The at least one audio scene anchor parameter may be configured to define at least one of: a position within the audio scene; and a number of instances within the audio scene.

The information configured to assist in the adaptation may be at least one of: a spatial filtering parameter, wherein the apparatus caused to associate the at least one anchor parameter with the at least one audio scene anchor parameter may cause the apparatus to control a mapping of at least one audio element anchor to at least one anchor within the audio scene within which the at least one audio signal is to be rendered based on a distance between the one audio element anchor and the at least one anchor within the audio scene; a temporal filtering parameter wherein the apparatus caused to associate the at least one anchor parameter with the at least one audio scene anchor parameter may be caused to control a mapping of at least one audio element anchor to at least one anchor within the audio scene within which the at least one audio signal is to be rendered based on a time difference between the one audio element anchor and the at least one anchor within the audio scene; and a priority list parameter configured wherein the apparatus caused to associate the at least one anchor parameter with the at least one audio scene anchor parameter may be caused to control a mapping of at least one audio element anchor to at least one anchor within the audio scene within which the at least one audio signal is to be rendered based on a priority list of candidate mappings.

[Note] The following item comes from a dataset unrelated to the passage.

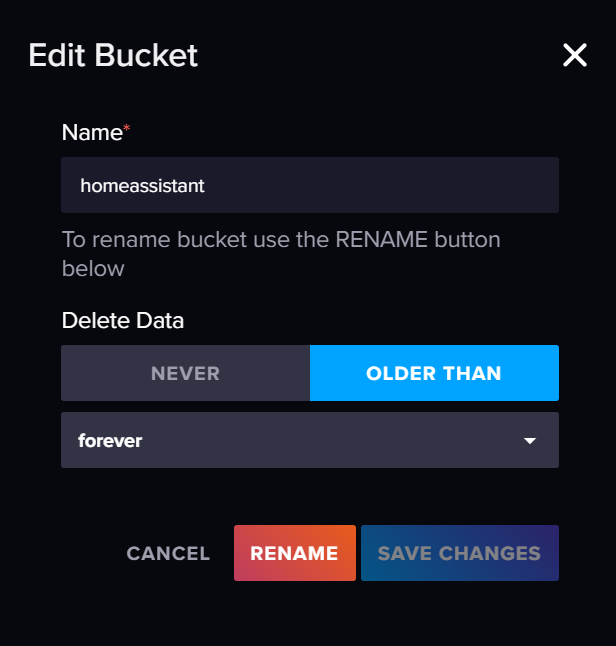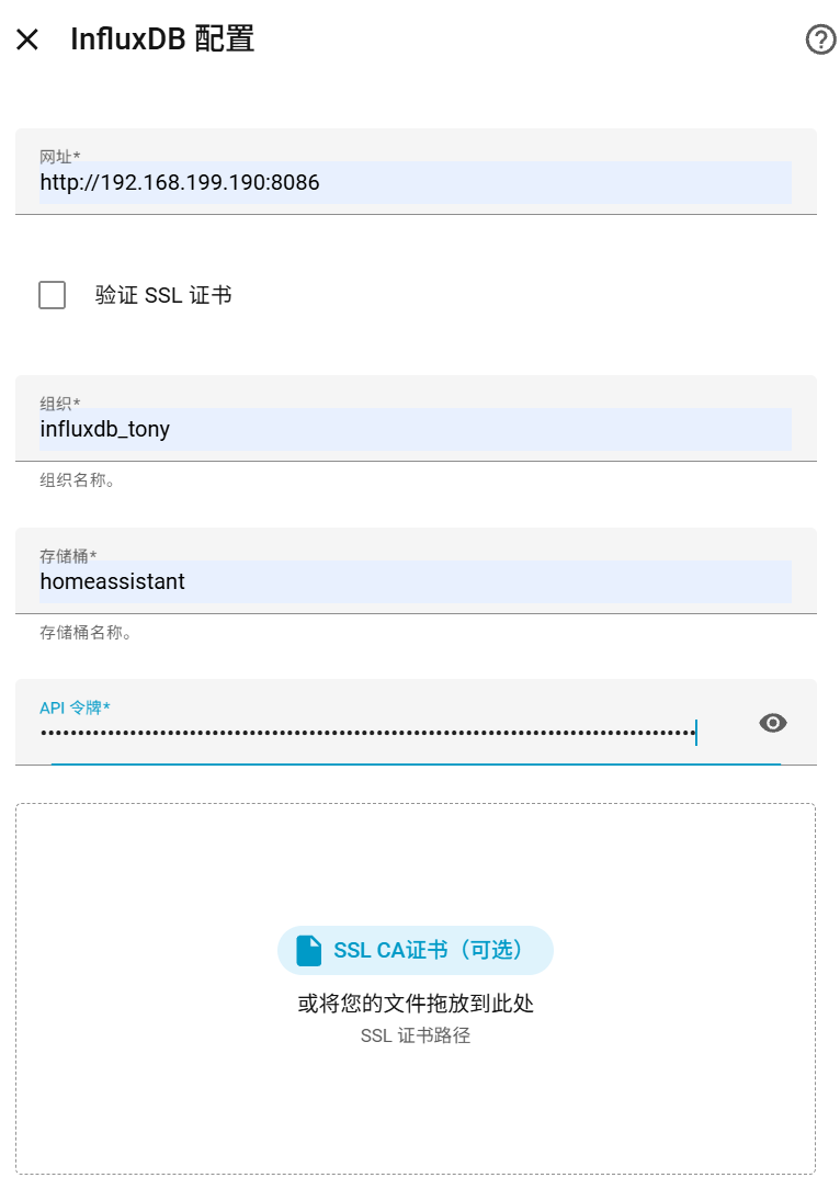 | Default Bucket | homeassistant | 你提前建好的桶名,大小写一致 |

The information configured to assist in the adaptation may be a processor filtering parameter wherein the apparatus caused to associate the at least one anchor parameter with the at least one audio scene anchor parameter may be caused to control a mapping of at least one audio element anchor to at least one anchor within the audio scene based on a renderer processor value.

The information configured to assist in the adaptation may be at least one of: an alternative anchor filtering parameter wherein the apparatus caused to associate the at least one anchor parameter with the at least one audio scene anchor parameter may be caused to control a mapping of the at least one audio element anchor to an alternative one of at least one anchor within the audio scene where there is no matching label between the at least one audio element anchor and the at least one anchor within the audio scene; a default position parameter wherein the apparatus caused to associate the at least one anchor parameter with the at least one audio scene anchor parameter is caused to control a positioning of the at least one audio element anchor within the audio scene where there is no matching label between the at least one audio element anchor and the at least one anchor within the audio scene; and a multiple anchors parameter comprising identifiers identifying at least two candidate anchors within the audio scene and wherein the apparatus caused to associate the at least one anchor parameter with the at least one audio scene anchor parameter may be caused to control a mapping to at least one of the candidate anchors within the audio scene based on at least one of the candidate anchors being located within the audio scene.

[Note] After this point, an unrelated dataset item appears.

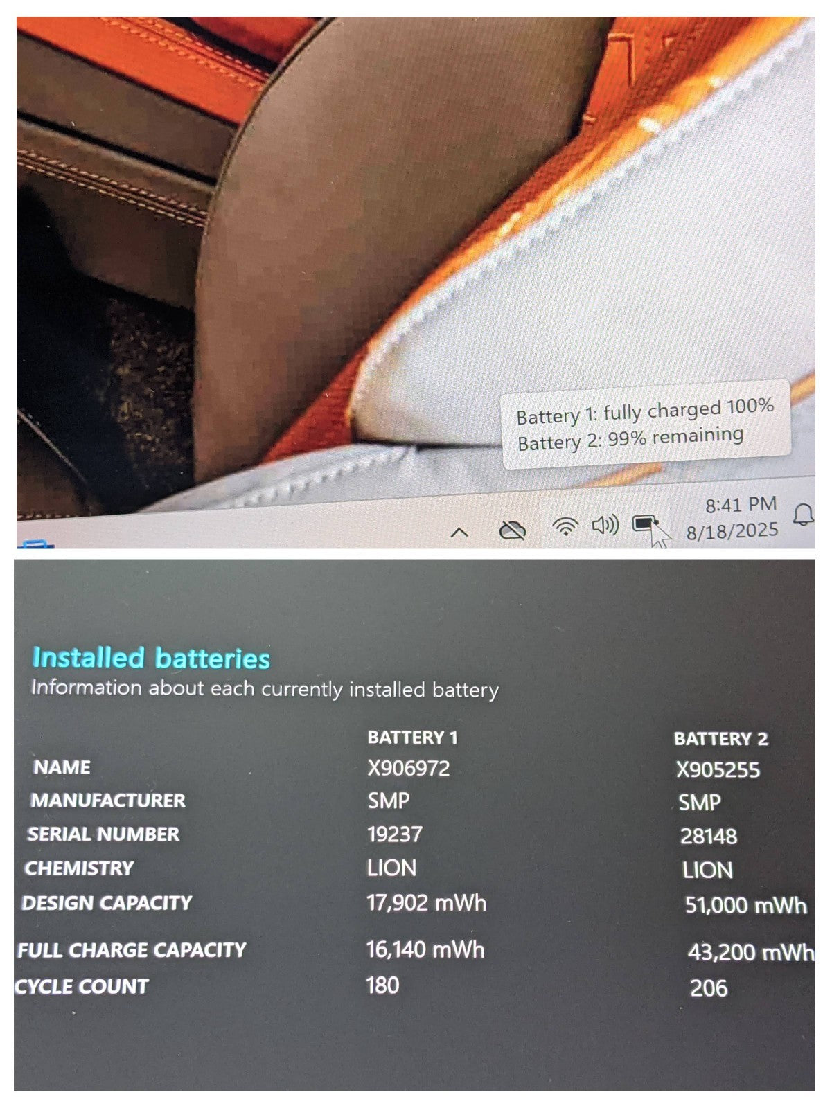 Batteries: Good - TABLET @90% (16.1 of 17.9 Wh); BASE @85% (43.2 of 51 Wh)

The information configured to assist in the adaptation of the at least one anchor parameter with at least one further anchor parameter within an audio scene within which the at least one audio signal is to be rendered wherein the apparatus caused to associate the at least one anchor parameter with the at least one audio scene anchor parameter may be caused to obtain an instance processing parameter configured to control a processing of instances of a mapping of the at least one audio element anchor to at least one of the at least one anchor within the audio scene.

The information configured to assist in the adaptation of the at least one anchor parameter with at least one further anchor parameter within an audio scene within which the at least one audio signal is to be rendered may be a mapping modification processing parameter wherein the means configured to associate the at least one anchor parameter with the at least one audio scene anchor parameter may be configured to control whether a mapping modification or processing of instances of a mapping of the at least one audio element anchor to at least one of the at least one anchor within the audio scene.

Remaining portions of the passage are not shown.